The following cell provides 6 functions that map 2D points from UV/UW/VW space into YZ plane of 3D world space (X being the same in wire plane and world spaces - subject to small variations in practise), and 3 functions that map from the YZ plane to the corresponding wire coordinates. Hopefully the names are self-explanatory, but please let us know if anything is unclear.

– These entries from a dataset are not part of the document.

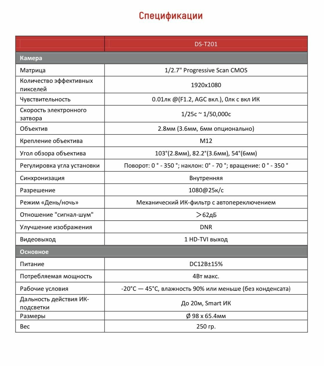 Видеокамера HiWatch DS-T201(B) 2Мп с ИК-подсветкой до 20м 1/2.7" CMOS матрица, 2.8мм, 103°, механический ИК-фильтр, 0.01 Лк F1.2, OSD, DWDR, BLC, DNR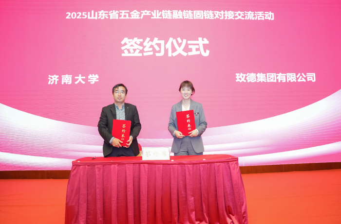 濟(jì)南大學(xué)機(jī)械學(xué)院教授鐘文鎮(zhèn)與玫德集團(tuán)有限公司人力資源部招聘中心總監(jiān)馮楊簽署《科教產(chǎn)教協(xié)同育人聯(lián)合培養(yǎng)材料類(lèi)專(zhuān)業(yè)學(xué)位研究生協(xié)議》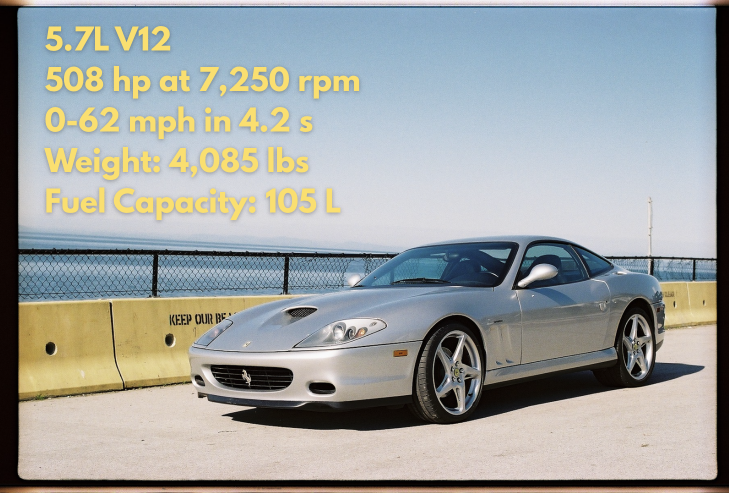 The 575 rides in the old grand touring style—there is body roll in the corners, and power builds progressively. With 508 hp, the V12 produces far more torque than the V8 variant, and a Superamerica tune should add 10–20 more. Power delivery is smooth and can be favourably compared to the next generation of Enzo-derived V12s, which have a more frenetic character.
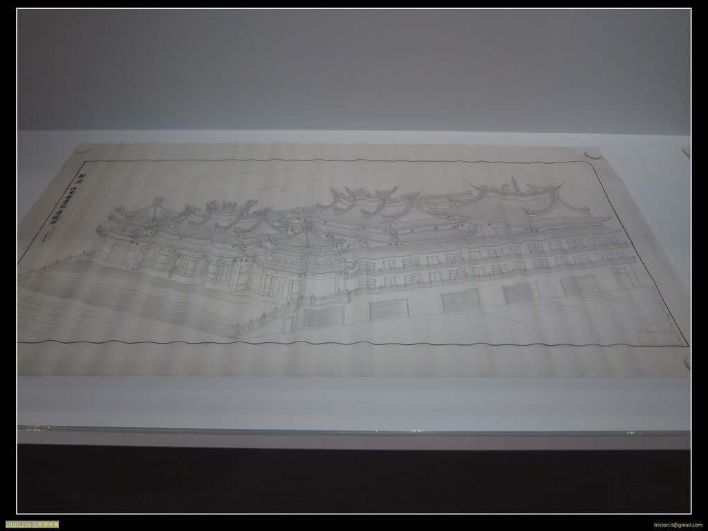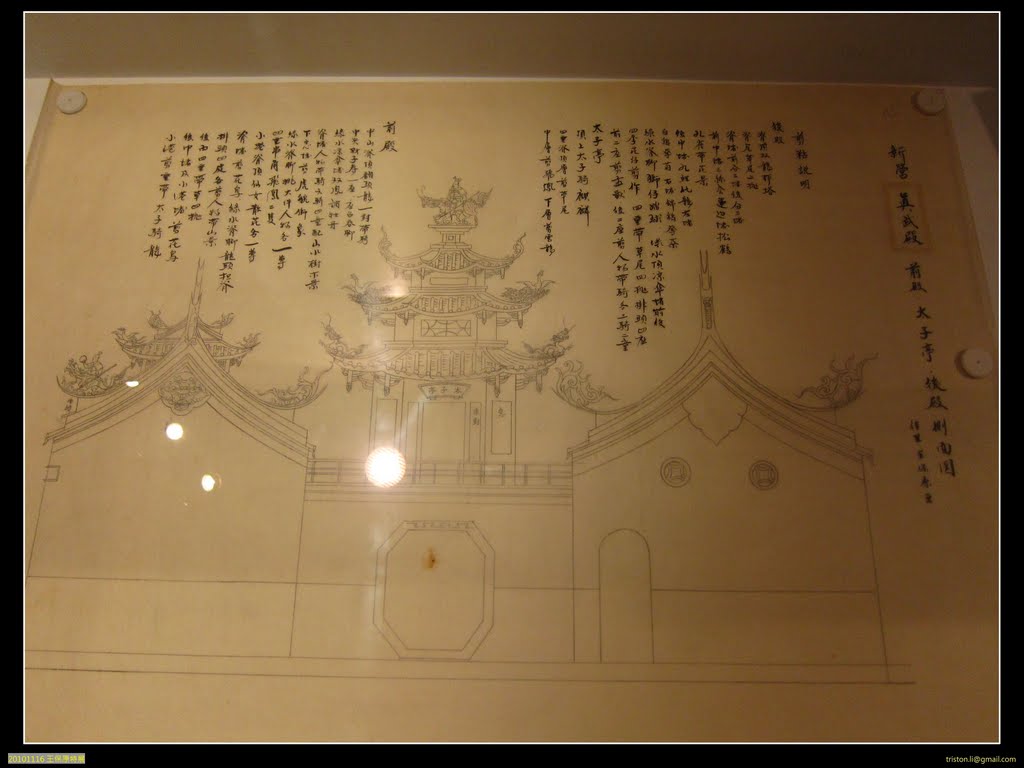 新營真武殿的設計草圖-原來當一名匠師,不但要手巧能捏,還要心細能畫,如果細看的話,還可以發現王保原師傅的書法還很秀麗

Given this is Python, if you find it convenient, you could always define uv_to_yz etc functions that return a pair of values y, z if you find it more convenient to have 3 functions for wire to 3D, rather than 6, and similarly you could write yz_to_uvw in a similar manner.

In [None]:
# wire to 3D
def uv_to_y(u, v):
    return ((u * cos_v - v * cos_u) / sin_dvu)

def uv_to_z(u, v):
    return ((u * sin_v - v * sin_u) / sin_dvu)

def uw_to_y(u, w):
    return ((w * cos_u - u * cos_w) / sin_duw)

def uw_to_z(u, w):
    return ((w * sin_u - u * sin_w) / sin_duw)

def vw_to_y(v, w):
    return ((v * cos_w - w * cos_v) / sin_dwv)

def vw_to_z(v, w):
    return ((v * sin_w - w * sin_v) / sin_dwv)

# 3D to wire
def yz_to_u(y, z):
    return z * cos_u - y * sin_u

def yz_to_v(y, z):
    return z * cos_v - y * sin_v

def yz_to_w(y, z):
    return z * cos_w - y * sin_w